C’est avec Hansel, fondateur de dcontract que j’ai rendez-vous faubourg Saint-Antoine, à la terrasse d’une brasserie.

Dressons une lanterne sur ce collectif de pirates à l’initiative de soirées décalées et intimistes, en marge d’un clubbing parisien selon eux « mercantile voire morne ».

Et le contexte est bien choisi.

À peine sommes-nous installés, que des camionnettes de CRS envahissent en masse les trottoirs du faubourg, en vue d’une manifestation (…) entre Bastille à Nation.

Les activistes de dcontract désirent penser la fête différemment, non sur fond de revendication pure, mais dans un esprit informel et parfois de promotion artistique (musiques électroniques, arts graphiques, mode et design…). Mais surtout, du festif. « Un peu comme une fête à la maison optimisée à laquelle on apporte une plus-value qualitative. »

Rétrospective.

C’est en juillet 2004 que l’esprit dcontract émerge lors d’une fiesta improvisée dans un appartement vide. Cent cinquante personnes conviées dans ces quatre-vingt mètres carrés, platines, bar, et même vestiaire à l’honneur. Au mois de septembre suivant, même chose dans un loft avec le très plébiscité et controversé Teki Latex.

Toujours très privé et informel certes, si ce n’est que Hansel rencontre au Palais de Tokyo celui qui s’avèrera être son compagnon de route, Reynolds. Dès lors, ils organisent le premier BBQ electro sur l’île Saint-Louis, en compagnie d’Arthur Lecaron, d’AristoPunk. Cinquante personnes et déjà une promesse.

Malheureusement, le lieu n’offre pas une quiétude exceptionnelle en vue des trop nombreux passages inopinés de touristes. Qu’à cela ne tienne, ils déménageront quelques dizaines de mètres plus loin.

Dans leurs soirées en plein air de Paris, dites micro free party, jamais les autorités ne sont intervenues, sauf pour la tant attendue soirée au couvent des Récollets, gare de l’Est, prévue en octobre dernier en compagnie de Cosmo Vitelli et de membres de Kitsuné.

Retour sur ce concept de micro free party. Sauf lien sémantique, il ne s’agit évidemment pas d’un retour, tant espéré par beaucoup d’entre nous, aux raves des débuts 1990, mais d’un hommage et surtout, Hansel insiste, d’une mise en exergue de cette fameuse rupture avec le clubbing parisien, clôturé.
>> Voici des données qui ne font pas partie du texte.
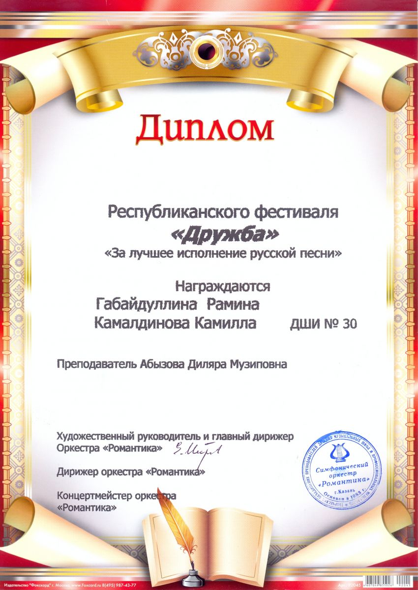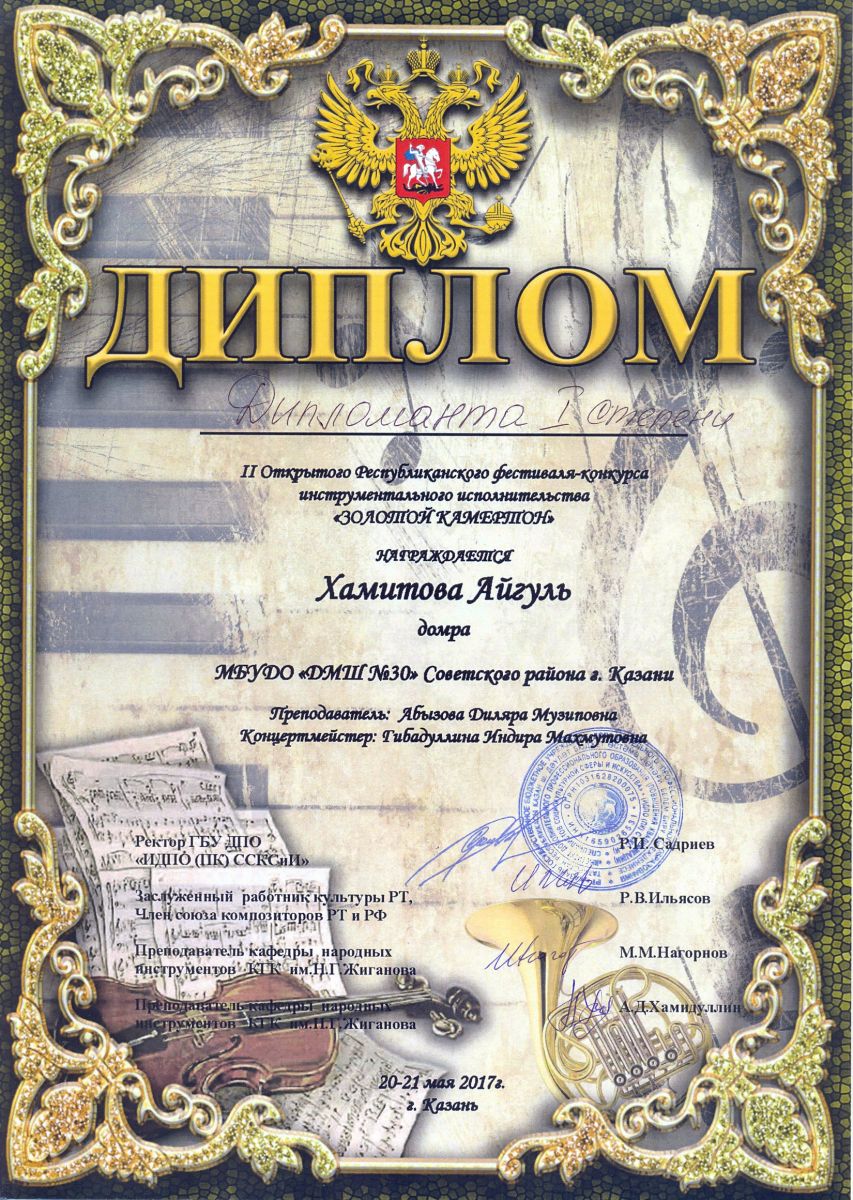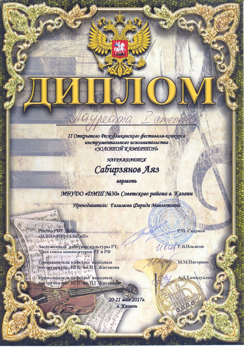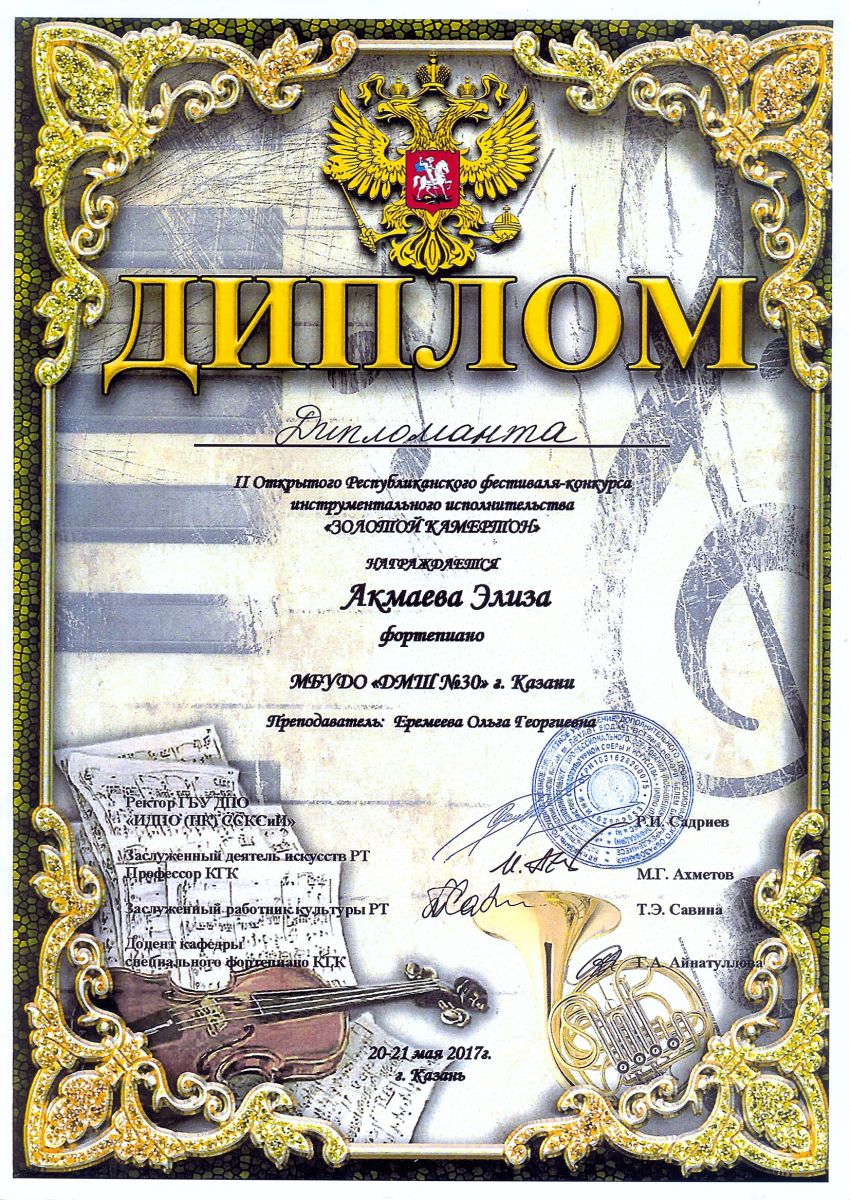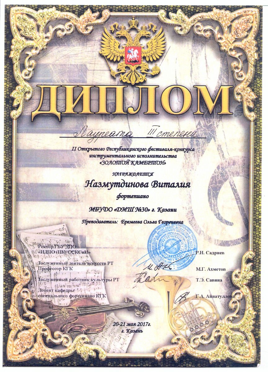 Республиканский конкурс пианистов "Музыкальная мозаика" - Ситдикова Лия - диплом I степени

Loin du populaire Paris-Plage, les BBQ electro se veulent décalés, électroniques, et improvisés. Platines numériques, merguez (mon cher Coddo) et groupe électrogènes sont au rendez-vous. On est tenus au courant de la date et du lieu par la newsletter de leur site quelques jours aupavant (à l’ancienne), et la dernière édition en septembre 2006 a ainsi attiré plus de trois cents personnes.

Et je demande, en cette saison de Nuits Sonores, pourquoi pas une aventure « extra Lutetiam » ?

Néanmoins, dcontract réaffirme sa fibre urbaine, et parisienne. Mais peut-être pouvons-nous espérer bientôt un partenariat transatlantique avec le collectif Newmindspace, qui a conçu, entre autres événements urbains, ces fêtes dans le métro new-yorkais, en 2004, parallèlement à la naissance de dcontract à Paris ?

Un peu plus tard, naissent, dans le contexte politique adéquat, les Party Terrorist, des fêtes improvisées dans le métro. Les années précédentes, ils ont ainsi converti un ancien peep-show de Pigalle en show case pour une jeune styliste, et des mannequins ont défilé en sous-vêtements rétros sur fond de pop, et d’electro.

Ils investirent également une salle de classe dans une école (plus ou moins) désaffectée, et une banque près de la place Vendôme pour une Hold Up party en mai 2006. On ne sait toujours pas trop ce qu’ont fait les quatre cents personnes dans la salle des coffres… Toujours est il qu’ils ont traversé en masse le quartier cagoulés, menottés et déjantés.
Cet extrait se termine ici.